Parallèlement aux deux enregistrements audio deepfake, Kuchta a également vu deux autres vidéos présentant des imitations audio d'IA publiées sur les réseaux sociaux par le parti d'extrême droite Republika. L’un se faisait passer pour Michal Šimečka et l’autre pour la présidente Zuzana Čaputová. Ces audios contenaient des déclarations selon lesquelles les voix étaient fausses : « Ces voix sont fictives et leur ressemblance avec de vraies personnes est purement fortuite. » Cependant, cette déclaration n'apparaît que 15 secondes après le début de la vidéo de 20 secondes, explique Kutcha, dans ce qu'il considère comme une tentative de tromper les auditeurs.
Les élections slovaques étaient suivies de près en Pologne. "Bien sûr, nous avons très peur de la désinformation générée par l'IA, car il est très difficile d'y réagir rapidement", déclare Jakub Śliż, président de l'association polonaise de vérification des faits Pravda. Śliż se dit également préoccupé par la tendance en Slovaquie à intégrer la désinformation dans des enregistrements audio, par opposition à des vidéos ou des images, car le clonage de voix est si difficile à identifier.

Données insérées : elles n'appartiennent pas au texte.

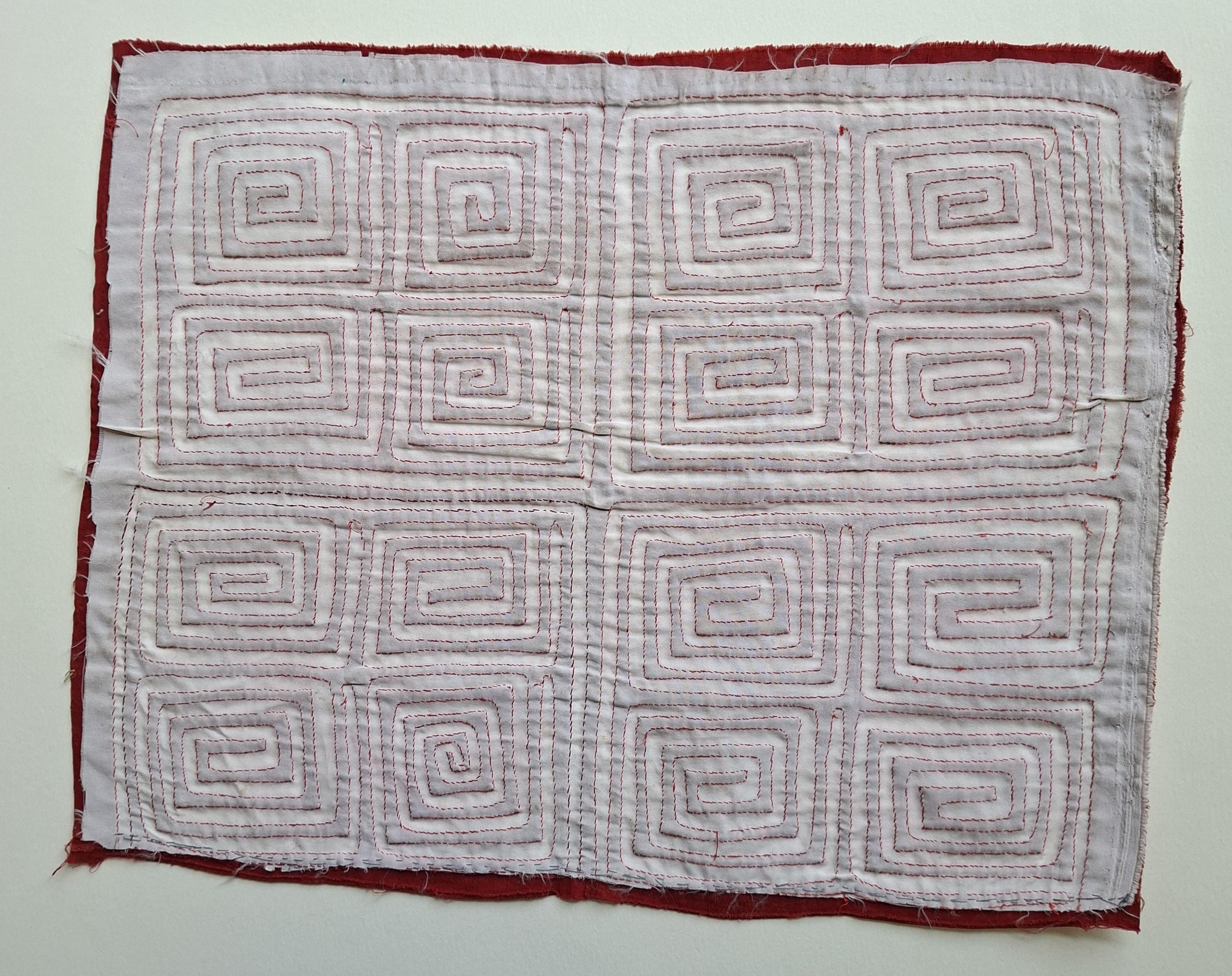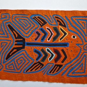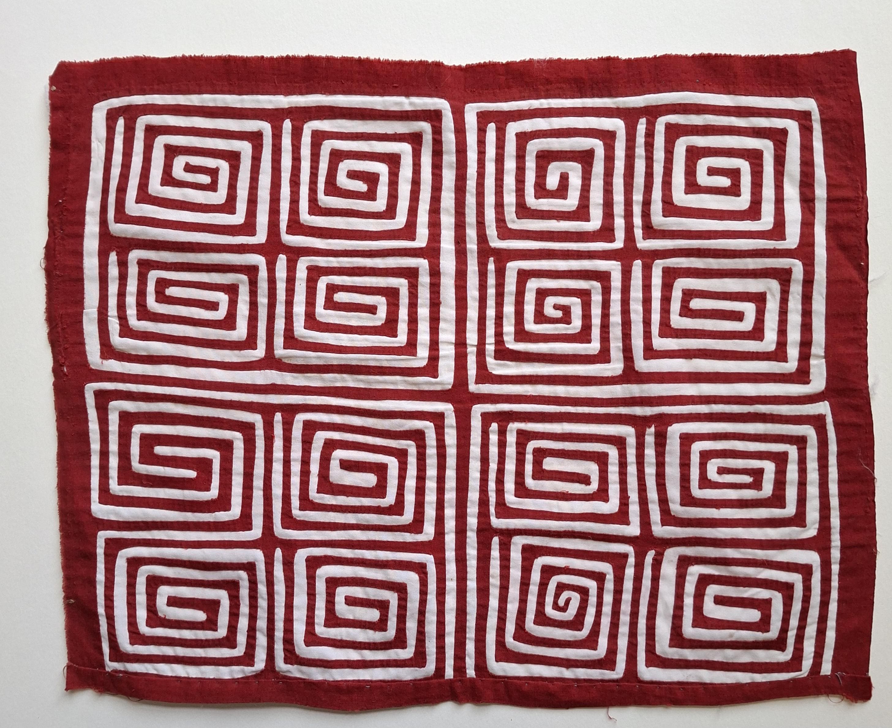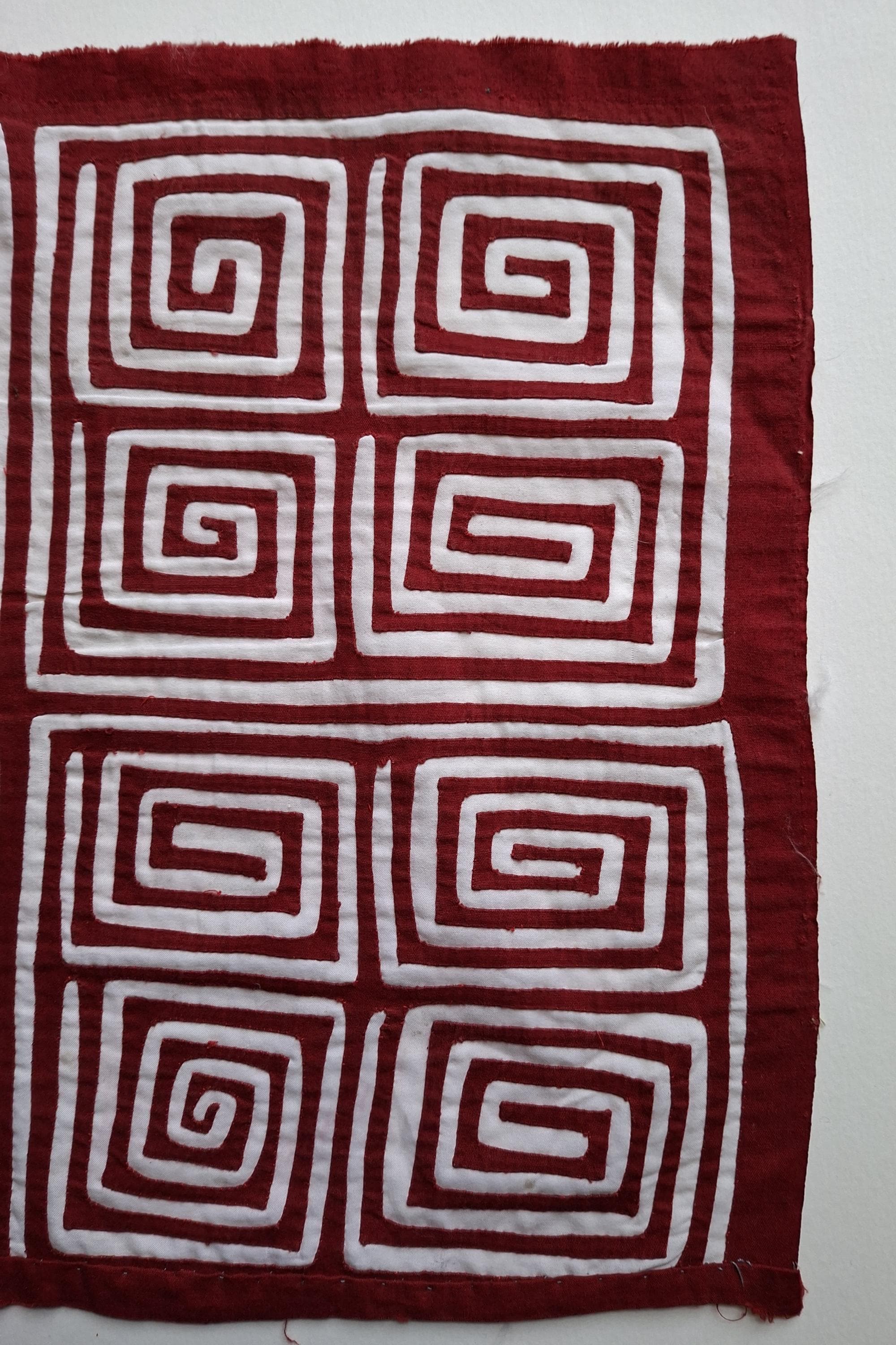 One of five curated mola textile panels from a small private collection. Each piece shows the beautiful geometric reverse appliqué technique of the Kuna / Guna people of Panama. Perfect for framing or for a gallery wall

Comme Hincová Frankovská en Slovaquie, Śliż manque également d’outils pour l’aider de manière fiable à identifier ce qui a été créé ou manipulé à l’aide de l’IA. « Les outils disponibles vous donnent un score de probabilité », dit-il. Mais ces outils souffrent d’un problème de boîte noire. Il ne sait pas comment ils décident qu’un message est susceptible d’être faux. « Si j'ai un outil qui utilise une autre IA pour me dire comme par magie que 87 % de l'IA est générée, comment suis-je censé transmettre ce message à mon public ? » il dit.
Il n’y a pas encore eu beaucoup de contenus générés par l’IA qui circulent en Pologne, dit Śliż. "Mais les gens utilisent le fait que quelque chose peut être généré par l'IA pour discréditer de vraies sources." Il reste deux semaines avant que les électeurs polonais décident si le parti conservateur au pouvoir, Droit et Justice, doit rester au gouvernement pour un troisième mandat sans précédent. Ce week-end, une foule géante s'est rassemblée à Varsovie pour soutenir l'opposition, le gouvernement municipal contrôlé par l'opposition estimant que la foule avait atteint 1 million de personnes à son apogée. Mais sur X, anciennement connu sous le nom de Twitter, les utilisateurs ont suggéré que les vidéos de la marche avaient été falsifiées à l'aide de l'IA pour faire paraître la foule plus grande.
Śliż pense que ce type de contenu est facile à vérifier, en croisant différentes sources. Mais si des enregistrements audio générés par l’IA commençaient à circuler en Pologne dans les dernières heures précédant le vote, comme cela a été le cas en Slovaquie, ce serait beaucoup plus difficile. « En tant qu’organisation de vérification des faits, nous n’avons pas de plan concret sur la manière de gérer ce problème », dit-il. Donc si quelque chose comme ça arrive, ça va être douloureux.